8. The next point to be considered is, is the quantum of maintenance allowance determined by the court below justifiable? According to PW1, she is a coolie worker only and the respondent is a minor, aged 13 years only. It has come out in evidence that CPW1 is the real estate broker. But, regarding his exact income, no evidence has been adduced by the respondent. CPW1 himself admitted that he is having agricultural property and in which there are rubber and coconut trees. According to him, there are 100 rubber trees and 12 coconut trees only. It is also admitted that he is in possession of 50 cents of property. Though the revision petitioner contended that the mother of the respondent is a coolie worker earning 300 per day, no evidence has been adduced to substantiate the said contention.
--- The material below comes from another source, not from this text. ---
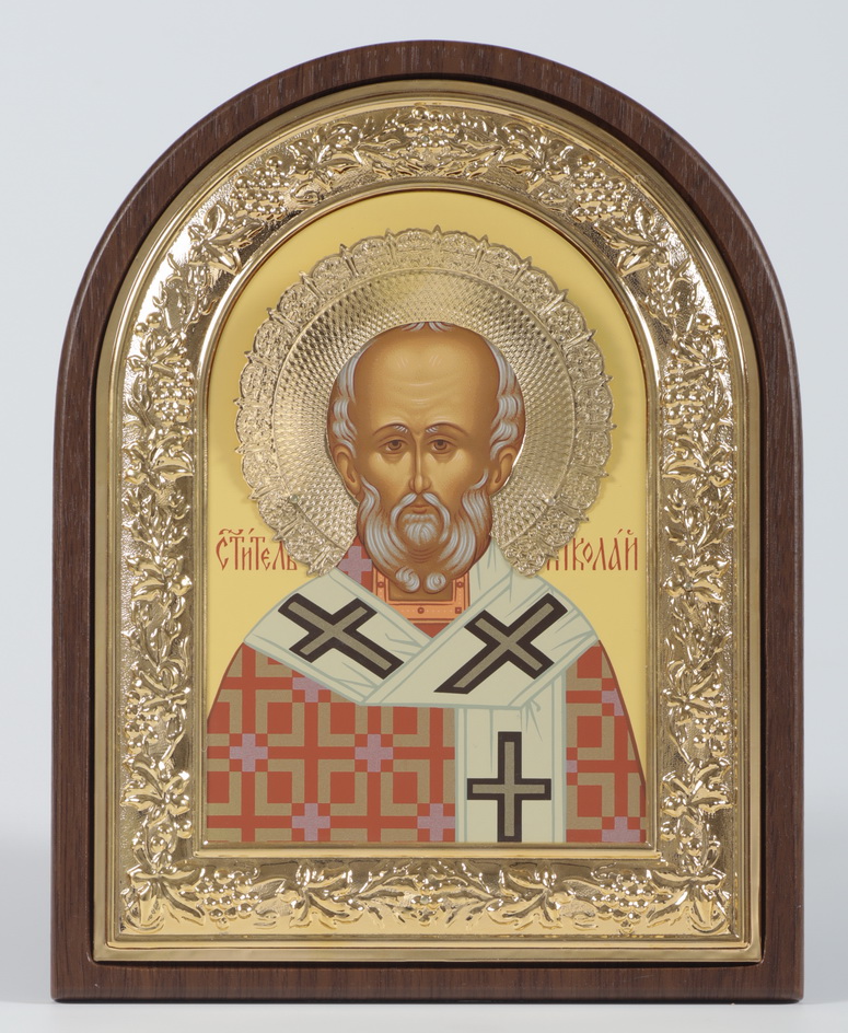 Икона в ризе 18*24 арочная, планшет, рамка,венчик зол., темпера Николай Чудотворец
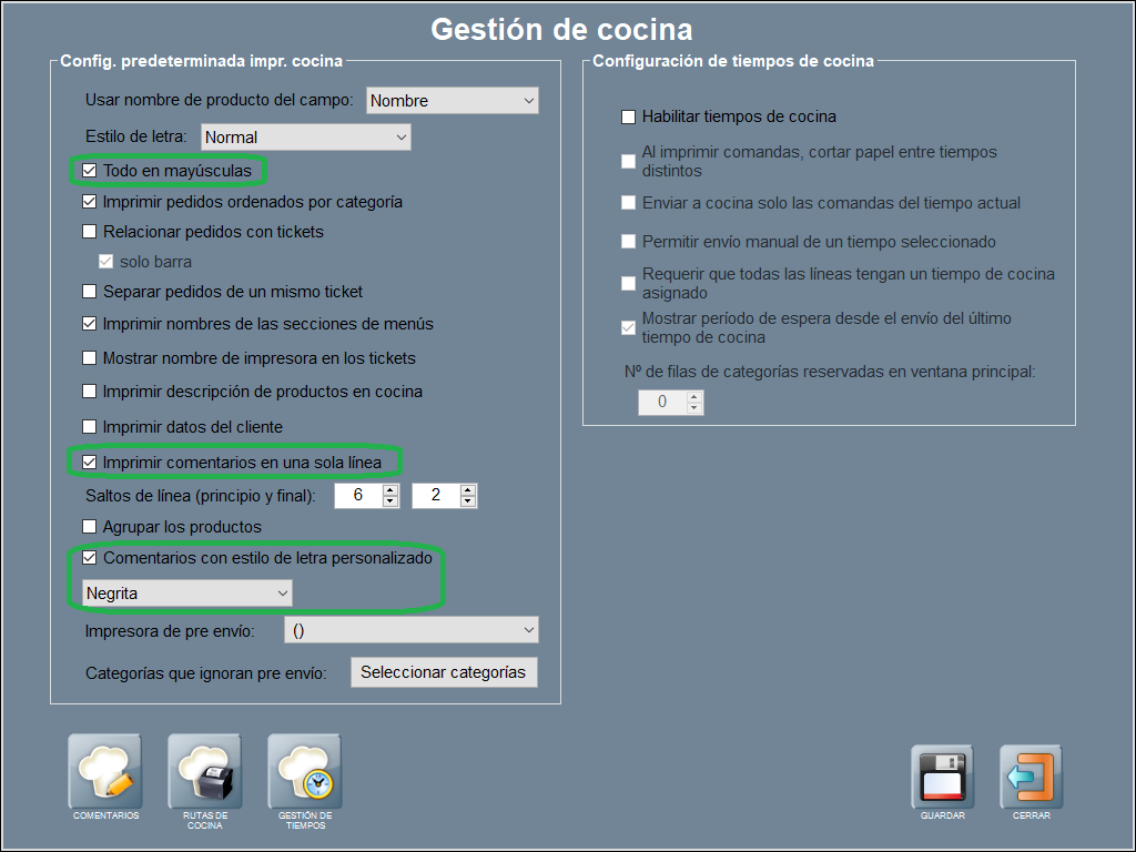 En la ventana de Gestión de cocina, en el apartado Configuración predeterminada de la impresora de cocina, hay varias opciones que afectan a la impresión de comentarios a cocina, que es bueno que conozas y que explicamos a continuación.

Admittedly, R.P.(F.C) No.125 of 2013 14 the respondent is a school going student and he is in need of money for his educational expenses, food, clothing, medical and treatment expenses etc. Certainly, he has the right to live with standard of life on a par with the standard of life of his father.
9. Having regard to the standard of life and living cost and also the admitted income of the revision petitioner, I am of the opinion that the amount quantified by the court below as maintenance allowance per month is just and proper and the determination of the quantum of maintenance does not call for any interference under revisional jurisdiction.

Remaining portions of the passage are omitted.